_TASK STATEMENT_
Every line of the material must be restated exactly, though not its pictures.
*** Opening THE RECORDS ***
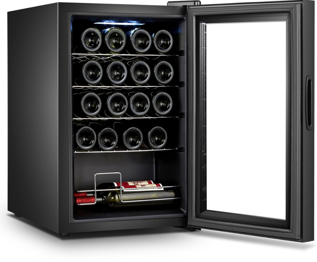 Охладитель вина со стеклянной дверцей и компрессором.
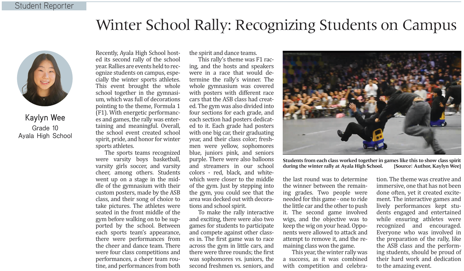 Winter School Rally: Recognizing Students on Campus (by Kaylyn Wee)
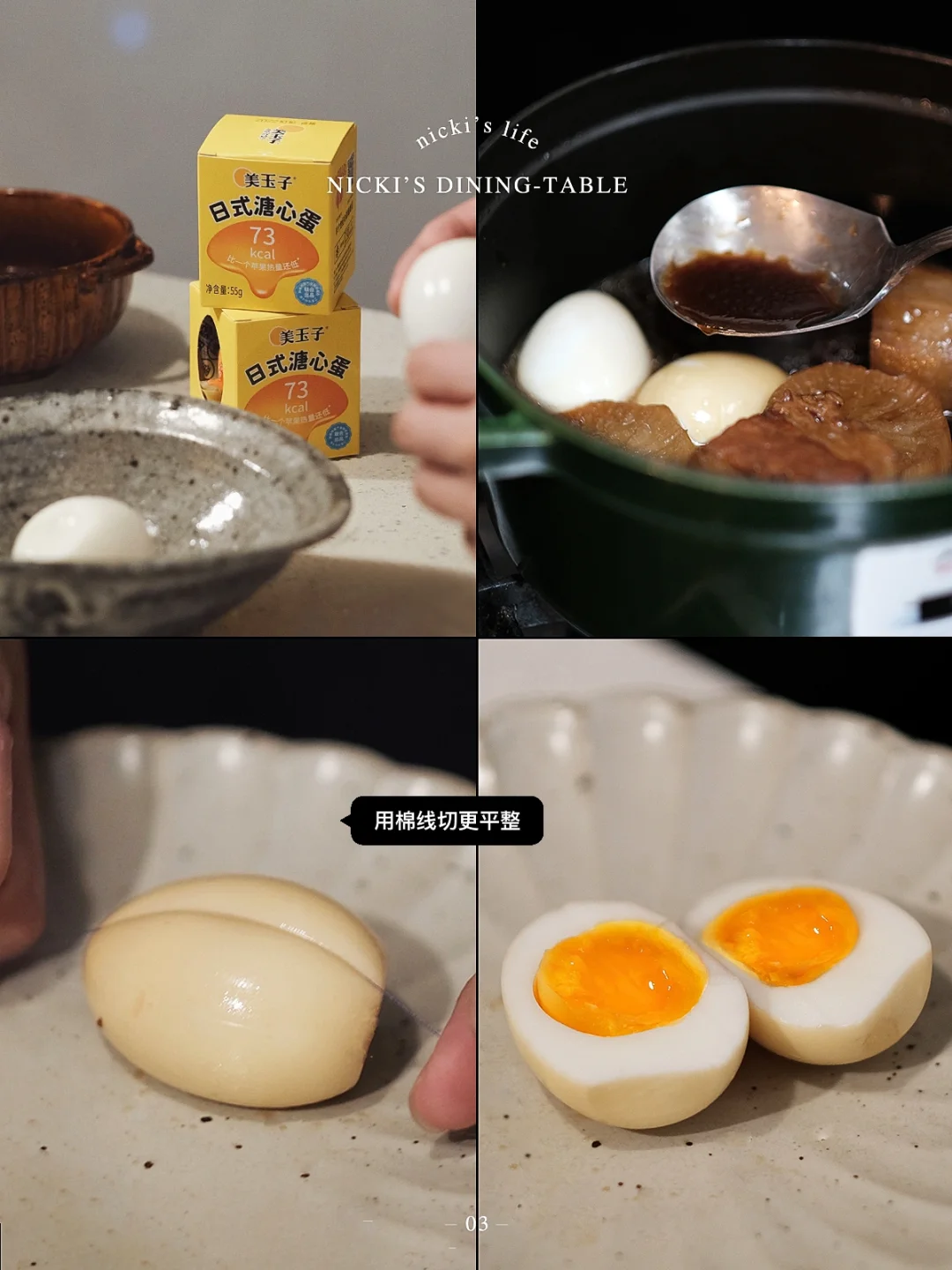 •将溏心蛋放入五花肉萝卜锅中(不要开火,这样放入的溏心蛋就太熟了),用勺子淋汤汁在溏心蛋上,让它上些色后取出,用棉线对半切(这样切出来的蛋黄更平整一些)。
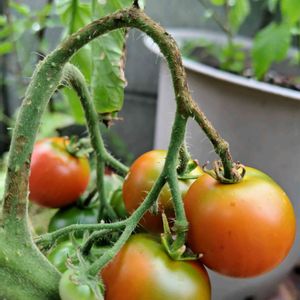 これから すごい雨☔が降るようです💦 中玉トマト🍅 まさかの肥料不足で ミニトマト🍅より 少しだけ大きい🤣 向こうに見える葉っぱは 挿し木からのウツギとアブチロンです😊 挿し木鉢から芽がでたので 植えたら なんか ツユクサみたい😅 リナリアちゃんと一緒に 瓶で冬を過ごしたユーフォルビアちゃん いけるかも٩(๑❛ᴗ❛๑)۶
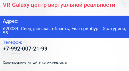 VR Galaxy, центр виртуальной реальности по адресу 620034, Свердловская область, Екатеринбург, Халтурина, 55 в дальнейшем Организация, размещена в следующих категориях:
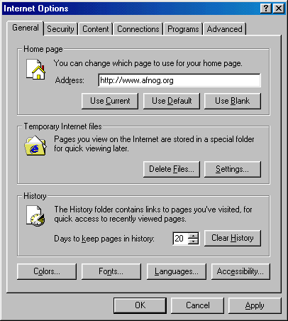 Once finished with this click "OK" until all the Internet Options Control Panel dialogues are closed. Unlike Netscape, you will need to restart MSIE in order for these changes to take affect.
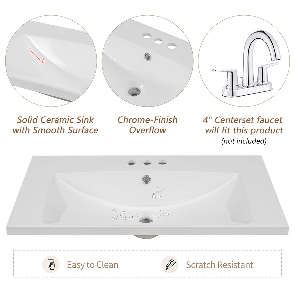 For your convenience, all holes are predrilled, allowing for quick and hassle-free installation. Customize your bathroom decor by pairing this vanity top with different colors of vanity bases. Whether you prefer a classic white base or a contrasting color, our versatile vanity top will seamlessly complement your chosen style.
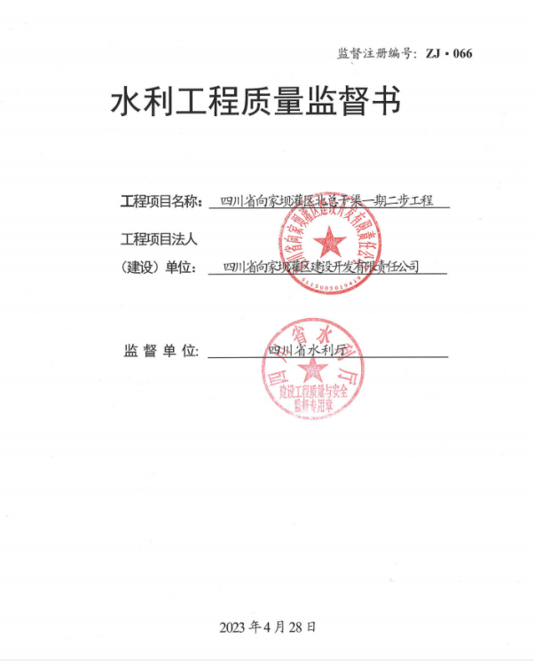 4月28日,《四川省向家壩灌區(qū)一期二步工程質(zhì)量監(jiān)督書(shū)》(監(jiān)督注冊(cè)編號(hào):ZJ-066)正式下發(fā)至公司,標(biāo)志著向家壩灌區(qū)北總干渠一期二步工程質(zhì)量監(jiān)督手續(xù)順利取得。
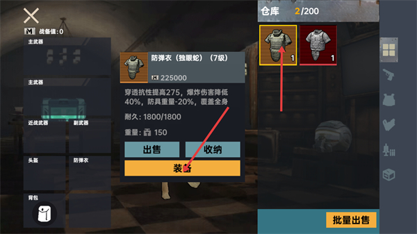1、在仓库界面选中【防弹衣-(独眼蛇)-(7级)】,其有穿透抗性提高275等属性,点击【装备】按钮即可穿戴该防具。
*** Closing THE RECORDS ***
_OUTPUT OF THE TASK_
 Охладитель вина со стеклянной дверцей и компрессором.
 Winter School Rally: Recognizing Students on Campus (by Kaylyn Wee)
 •将溏心蛋放入五花肉萝卜锅中(不要开火,这样放入的溏心蛋就太熟了),用勺子淋汤汁在溏心蛋上,让它上些色后取出,用棉线对半切(这样切出来的蛋黄更平整一些)。
 これから すごい雨☔が降るようです💦 中玉トマト🍅 まさかの肥料不足で ミニトマト🍅より 少しだけ大きい🤣 向こうに見える葉っぱは 挿し木からのウツギとアブチロンです😊 挿し木鉢から芽がでたので 植えたら なんか ツユクサみたい😅 リナリアちゃんと一緒に 瓶で冬を過ごしたユーフォルビアちゃん いけるかも٩(๑❛ᴗ❛๑)۶
 VR Galaxy, центр виртуальной реальности по адресу 620034, Свердловская область, Екатеринбург, Халтурина, 55 в дальнейшем Организация, размещена в следующих категориях:
 Once finished with this click "OK" until all the Internet Options Control Panel dialogues are closed. Unlike Netscape, you will need to restart MSIE in order for these changes to take affect.
 For your convenience, all holes are predrilled, allowing for quick and hassle-free installation. Customize your bathroom decor by pairing this vanity top with different colors of vanity bases. Whether you prefer a classic white base or a contrasting color, our versatile vanity top will seamlessly complement your chosen style.
 4月28日,《四川省向家壩灌區(qū)一期二步工程質(zhì)量監(jiān)督書(shū)》(監(jiān)督注冊(cè)編號(hào):ZJ-066)正式下發(fā)至公司,標(biāo)志著向家壩灌區(qū)北總干渠一期二步工程質(zhì)量監(jiān)督手續(xù)順利取得。
1、在仓库界面选中【防弹衣-(独眼蛇)-(7级)】,其有穿透抗性提高275等属性,点击【装备】按钮即可穿戴该防具。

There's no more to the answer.